- Born: May 28, 1897 Texas, U.S.
- Died: March 3, 1958 (aged 60) California, U.S.
- Occupation: Film editor
- Relatives: Mae Marsh (sister) Marguerite Marsh (sister) Oliver T. Marsh (brother) Warne Marsh (nephew)

= Frances Marsh =

American film editor

Frances Marsh was an American film editor active during the 1920s and 1930s. She worked on many of Ernst Lubitsch's films and was considered one of the foremost editors of her day.

== Biography ==
Frances was born in Texas to Stephen Marsh and Mae Warne. She came from a big family, and many of her siblings became involved with the film industry after they all moved to Los Angeles. Brother Oliver became a cinematographer, and sisters Mildred, Mae, Leslie, and Marguerite became actresses.

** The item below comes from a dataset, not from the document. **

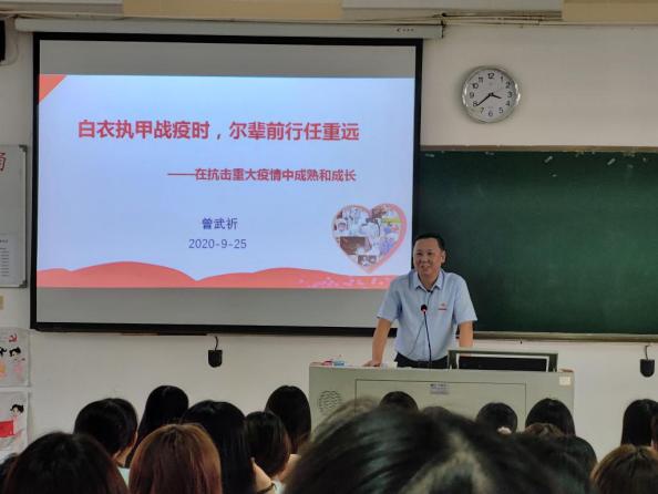 9月,福建衛(wèi)生職業(yè)技術(shù)學(xué)院黨委書(shū)記曾武祈、黨委副書(shū)記李美華、紀(jì)委書(shū)記游鋒、副院長(zhǎng)陳貞健、副院長(zhǎng)黃銘珊等院領(lǐng)導(dǎo)以“白衣執(zhí)甲戰(zhàn)疫時(shí),爾輩前行任重遠(yuǎn)”、“戰(zhàn)‘疫',我們?cè)谝黄穑 睘橹黝}紛紛走上講臺(tái),以學(xué)生喜聞樂(lè)見(jiàn)、愛(ài)聽(tīng)想聽(tīng)的內(nèi)容以及風(fēng)趣幽默、感人肺腑的語(yǔ)言,為大二學(xué)生上了一堂既生動(dòng)活潑又充滿正能量的開(kāi)學(xué)第一課,用抗疫精神滋養(yǎng)心靈,用英雄豐碑感召時(shí)代,在衛(wèi)院學(xué)子心中點(diǎn)亮一盞明燈,照亮征途、指引方向。
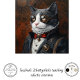 The image features a dashing male cat dressed in an elaborate, Victorian-style outfit perfect for Valentine's Day. The cat is wearing a white shirt with a high collar, a black waistcoat, and a black jacket adorned with intricate gold embroidery and a large, ornate brooch. He also has a red bow tie and a bell hanging from his neck, adding a touch of charm and sophistication. The background showcases a rich, dark, and ornate pattern, enhancing the luxurious and historical feel of the scene. This unique and whimsical image combines elements of historical fashion with feline charm, making it visually captivating and perfect for Valentine's-themed projects.

Frances started out as a script clerk around 1925 before making a name for herself as a film editor. She was employed as a film editor at Paramount-Famous Players by 1928; and she edited four films that year: A Night of Mystery, The Magnificent Flirt, The Woman from Moscow, and Sins of the Father. Her last known credit was on 1934's The Merry Widow.

"I have often cried right there in the cutting room while editing a particularly romantic or sentimental scene," Marsh later told a reporter. "I know that sounds sort of stupid, but after all, I'm just a fan who happens to know a little more of the technical end of pictures than the average fan."

== Selected filmography ==

- The Merry Widow (1934)
- Design for Living (1933)
- Darkened Rooms (1929)
- Stairs of Sand (1929)
- Sins of the Fathers (1928)
- The Woman from Moscow (1928)
- The Magnificent Flirt (1928)
- A Night of Mystery (1928)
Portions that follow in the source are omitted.